# Pomegranate White Tea...



## middie

Just wondering if anybody has tried this yet ? 
I was at Trader Joe's earlier and saw that.
Was wondering if it's any good ?


----------



## Opiñanita

I have tried it. The pomegranate white tea was refreshing during the summer time, however I could not drink it all in one sitting. It's a bit on the sweet side. I would usually drink it a third at a time. I did find it a nice alternative to an iced coffee or soda. I'm not a coffee drinker and liked the pomegranate white tea as a way to drink something cool that tasted good. I think I prefer the "Honest tea", iced tea to this.


----------



## aesthete

when i was in Thailand last year, there was a commercial pomegranite green tea that was practically all I drank while I was over there, it was so good. I've tried to duplicate it myself here in the states, but haven't come close.


----------



## kitchenelf

middie - I have tried all 3 - I think there is White Tea, Black Tea, and Peach?  I hit a really low blood sugar at the grocery store one time and downed one of these - too care of it  

Yes, they can be sweet - I think the black tea isn't quite as sweet though - maybe it's just stronger tasting.  But the were extremely refreshing.  I also went through my craving of straight pomegranate juice and grape juice.   

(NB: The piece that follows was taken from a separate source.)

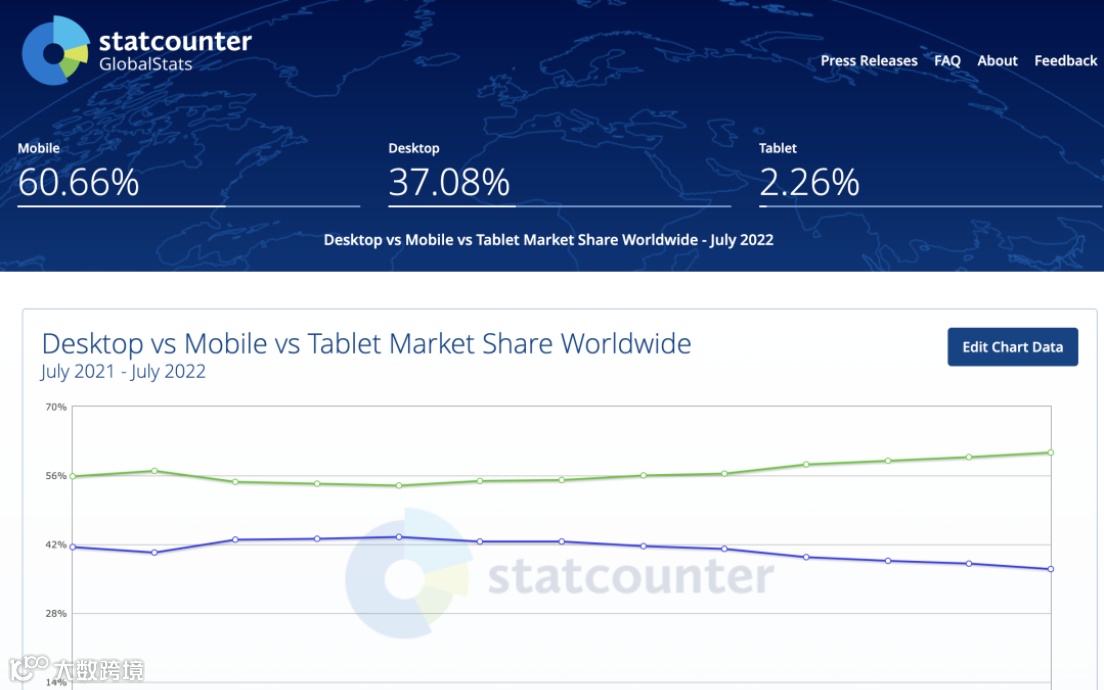 从图中可以看到,2021-2022年,移动端的浏览量已经超过了60%,PC端37%,平板端不到3%。
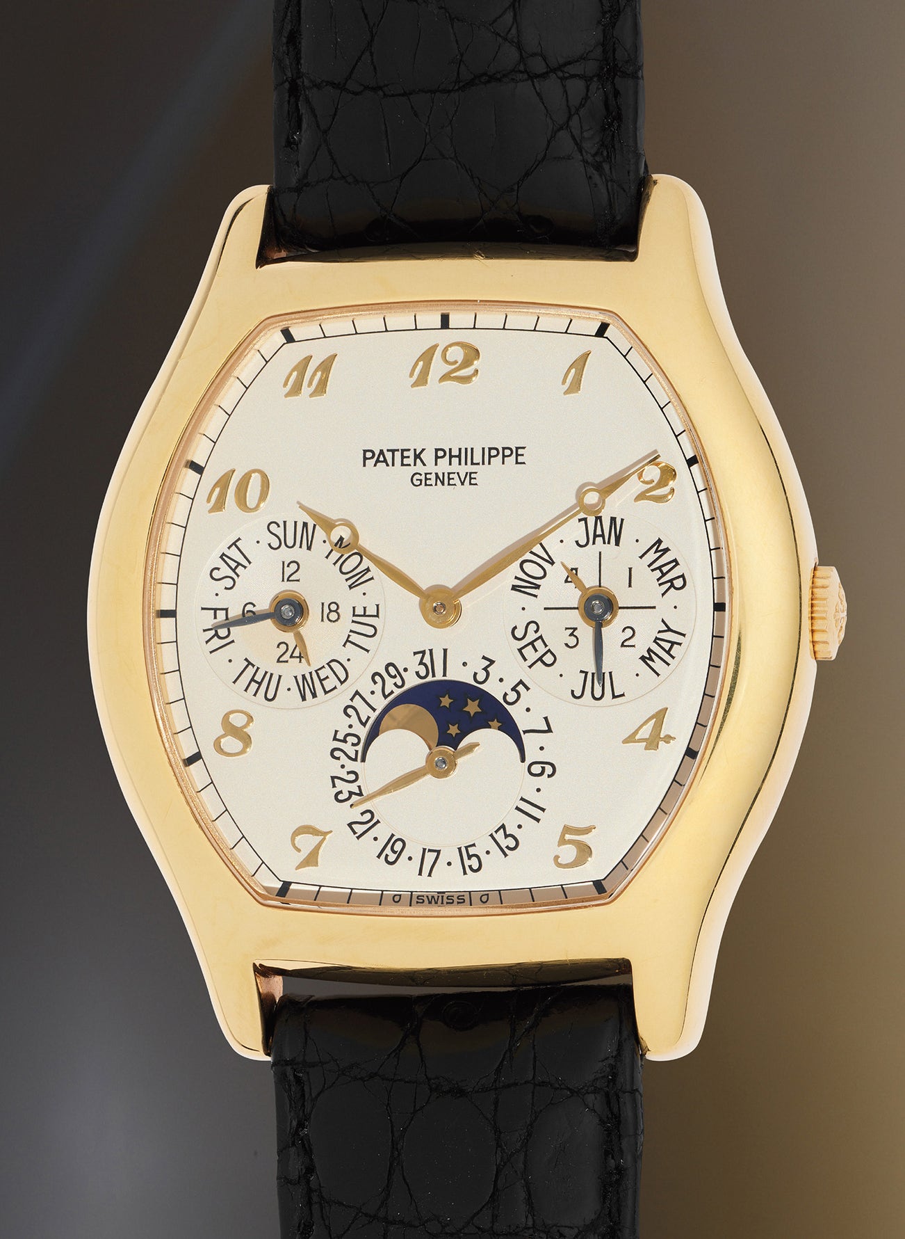 An early and attractive yellow gold perpetual calendar wristwatch with Breguet numerals, moon phase, 24-hour indication, Certificate of Origin, additional hard caseback, and presentation box

Middie - there are a lot worse things out there to drink - there's some good stuff in these drinks.


----------



## Candocook

Is it to be brewed or is it in a "can"?  We are getting a TJ's.  WOO HOO!! I think they will have to do as they do at the Louis Vuitton store in Paris--only allow so many people to come in until some leave!!


----------



## kitchenelf

It's already in a tall skinny glass (perfect for a mojito BTW) with a lid you pop off with your thumbs.  In the summer one of the grocery stores I go to keep them in a huge tub of ice - right there when you walk in ready to drink nice and cold - the ultimate in impulse advertising


----------



## Aria

Pomegranate  is coming up all over.  Snapple is making a Peach pomegranate  called red tea.  GOOD.     Today the students brought in a GQ magazine...there was a full page ad with a "sniff" fold.  Similar to cologne sniffs in magazine.   It is pomegranate champagne.  Well designed bottle, red in color of course and the sniff has a nice.....come buy me smell.  Pomegranate is the latest fruit to be excellent for us.  GB have you heard about it?


----------



## aesthete

I know this is a little off topic, but while talking about how pomegranate is "coming up" I tried Pama, a pomegranate liqeuer I found at the liquor store, and it was really really good. we've tried drinking it straight, with orange juice, and in hot tea, and it hasn't dissapointed yet.


----------



## kitchenelf

CALLING MICHELEMARIE - we have the makings of another martini here!


----------



## middie

The tea I was asking about about are in tea bags.
I'll take a look Tuesday and see if I can find the one
you're talking about Kitchenelf. Btw thanks guys !


----------



## Aria

Aesthete,  The Ad we noticed in the GQ magazine was for Pama.  Ok...it is a liqueuer.    Pama is doing a Fantastic Advertising Ad for Magazine.  The "smell" strip and the design of the red bottle with a glass and a pomegranate.


----------